Vidpod

I have spent a portion of my weekend messing with RSS and The Democracy Player, per the instructions linked, and so far, so good, although my DSL speed is slow enough to consign this to permanent experiment until I finalize the LAN setup and shanghai one of the G4s as a dedicated media server.

The Times has a look at the burgeoning world of IPTV content production: As Internet TV Aims at Niche Audiences, the Slivercast Is Born.

One of my longtime colleagues has been oriented to providing IPTV instructional programming for over a decade now – it really seems like this should be his moment. I wonder if he has rights to all the content he’s produced over the past ten years? On a related note, I wonder what would happen if I started considering my weekly pitchlist as the basis for video content as well?
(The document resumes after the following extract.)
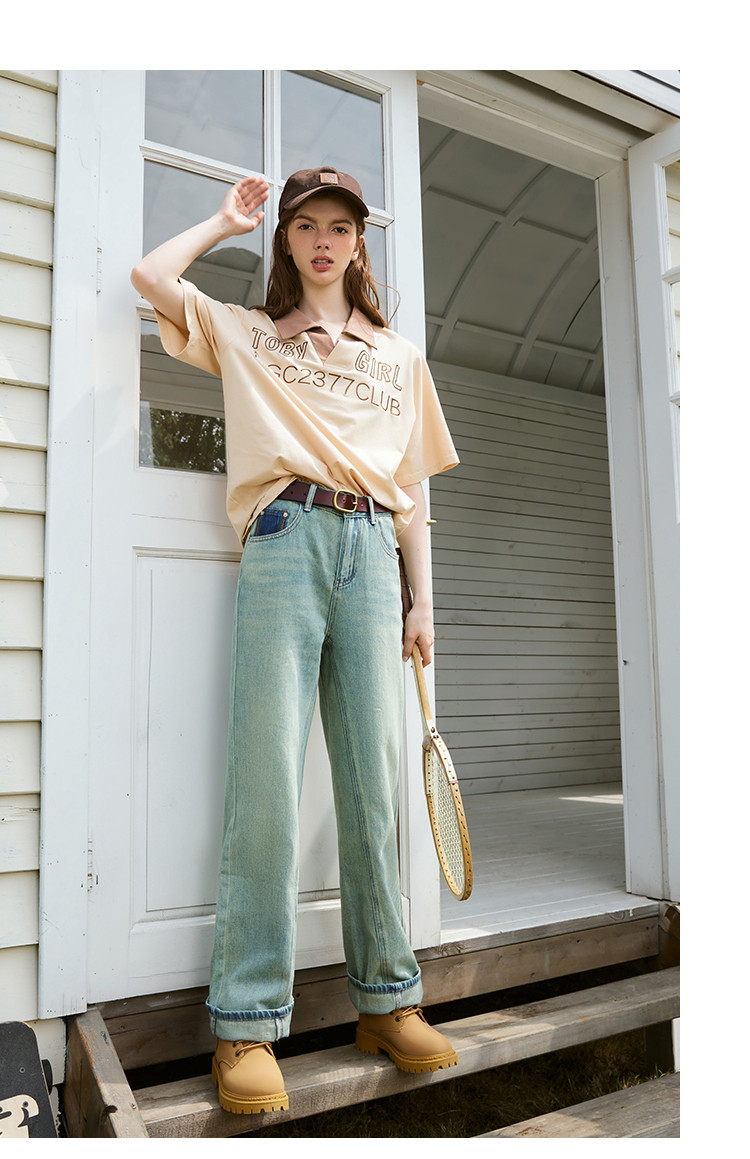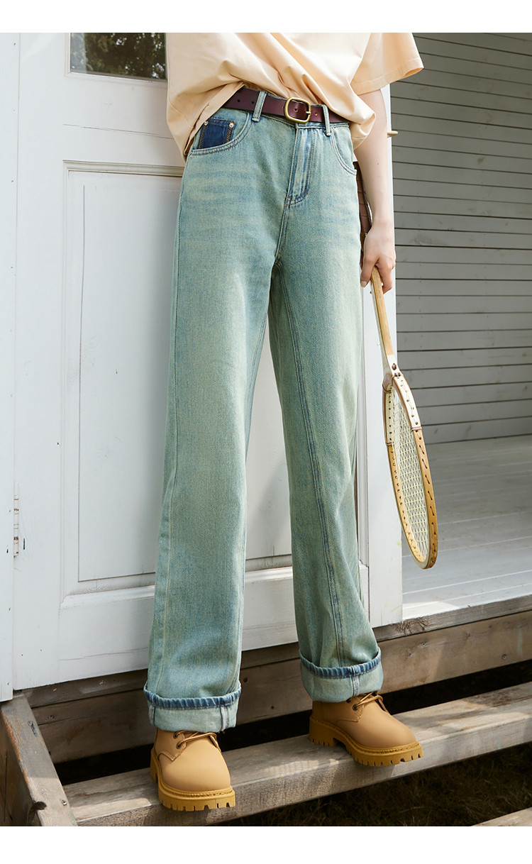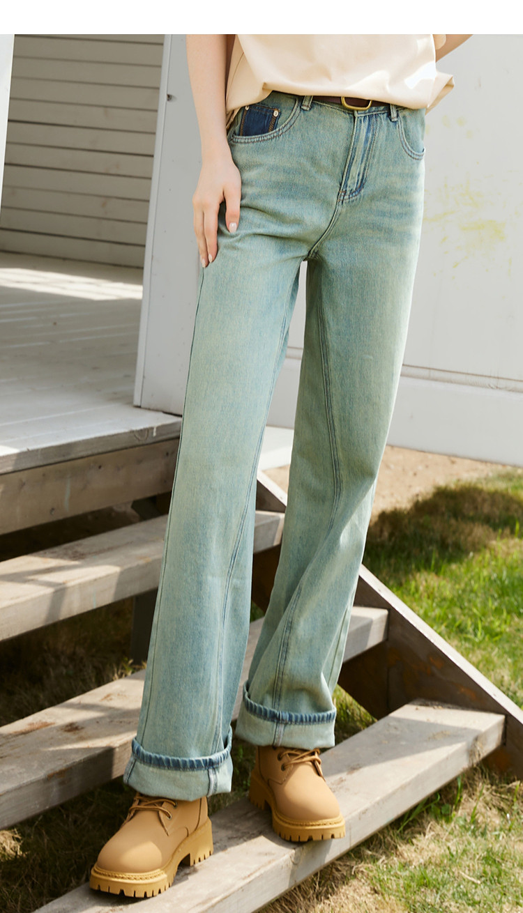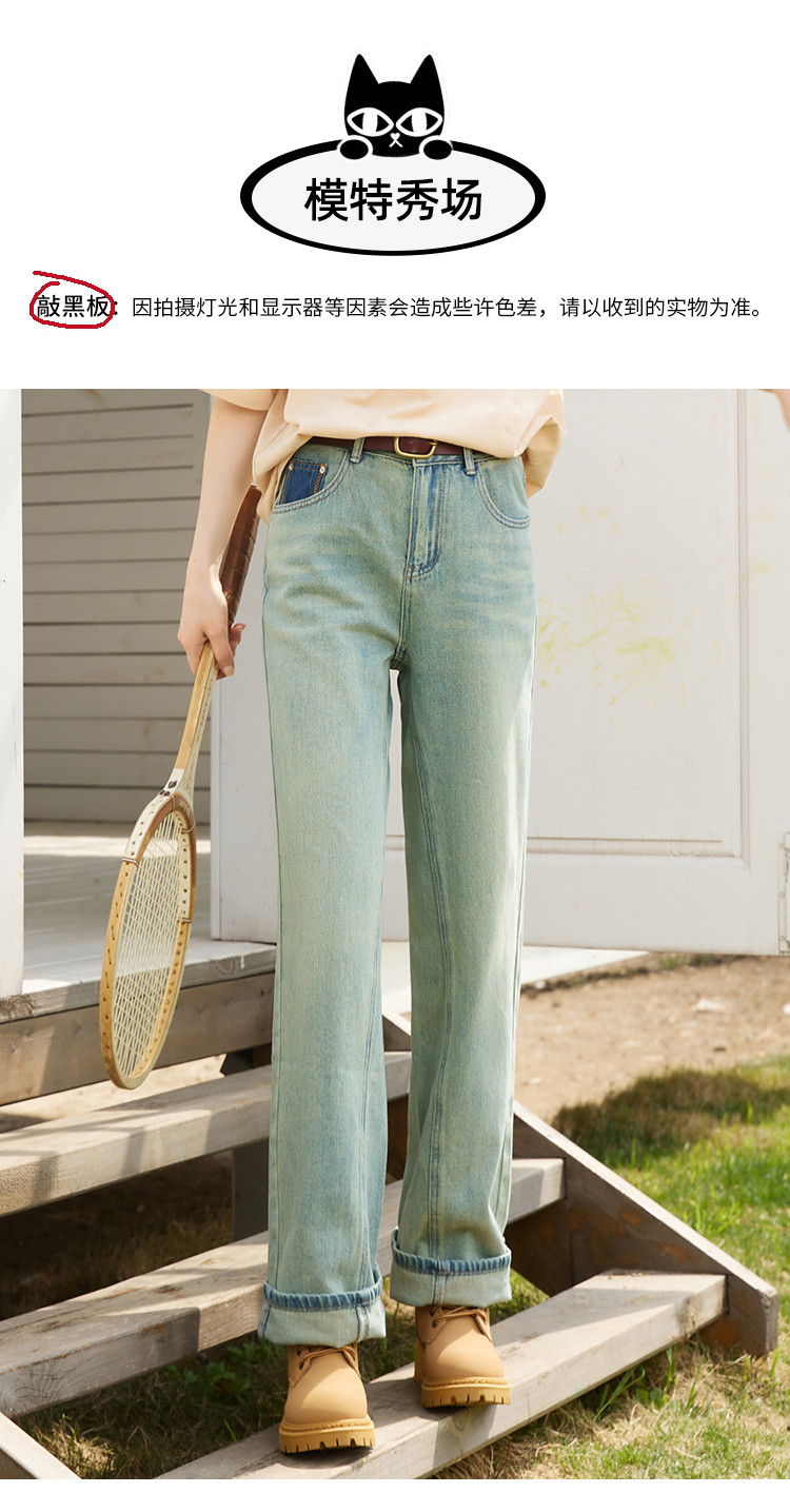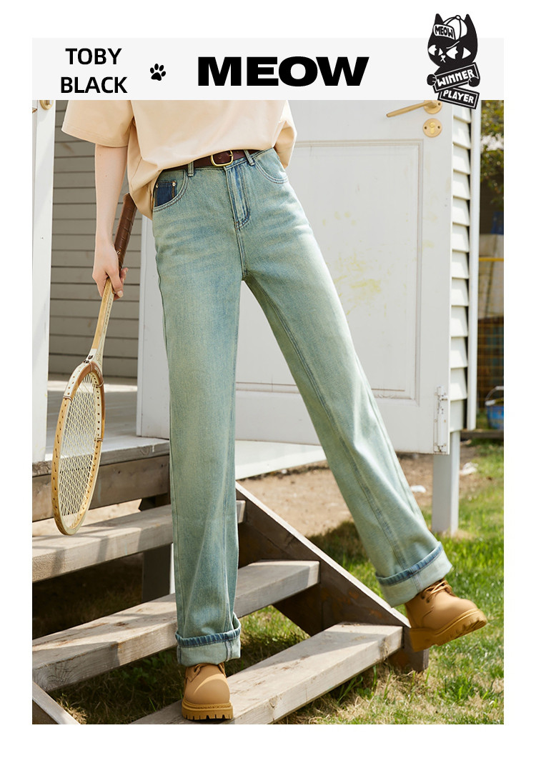 浅色经典款水洗做旧高腰直筒裤夏季休闲百搭女式牛仔裤 083869

In particular, a subset of my story ideas are always how-tos, reviews, and explanatory material. A typical magazine story yields 500 to 700 words and takes less than a minute to read, in my experience. If that 700 words could be recast as a three-minute-script and shot at the time the article is prepared, I think there might be a decent microcontent media property, as long as the subject matter is sufficiently consistent.

Some of these ideas could also very productively apply to SIFFblog, I think. Hmmm.

Bye-Bye Bert's

I was bummed to learn of the closure of Bert Grant’s Yakima brewpub from the P-I today. From the time it opened to the last time I was on Yakima, about five years ago, a stop at the old depot was a requirement of the trip, in token of Grant’s role in the craft brewer renaissance and in celebration of my family’s agrarian roots in the Yakima valley. Pears ain’t hops, but the incipient vineyards and hops fields of my childhood promised a richer, tastier adulthood, a promise which mostly has been borne out.

Seattle and ashes

Charles D’Ambrosio sketches scenes from a pre-boom Puget Sound – my good old days, chilluns – in The New Yorker.

UPDATE: I found the story, as I often do with D’Ambrsio, beautiful and evocative. Interstingly, I distinctly felt that this story was written in conscious dialogue with Alexie and Vollmann. Perhaps someday Vollmann will write of the Northwest directly.

UPDATE II: on Father’s Day 2016 I noticed that the new Yorker appears to have bitrotted this, and presumably other, old links. Fixed. This post gave me such a thrill when the author himself dropped by to express appreciation for my expression of appreciation.

Learn from Jon

Jon, who has been a bit quiet of late, makes up for it with disquisitions on the American left, his Christianity, and an unimpeachable list of tunes. Clearly, the man is, in fact, the Greatest Bus Driver in the World.

Seriously, I urge you to reflect on that list of music. It lends credence, as it were, and predisposed as I am to listen to Jon on things political it makes me reinspect my impulse to skip the religion component. Jon makes me think, and think hard.

But why does he think Billy is back on the sauce?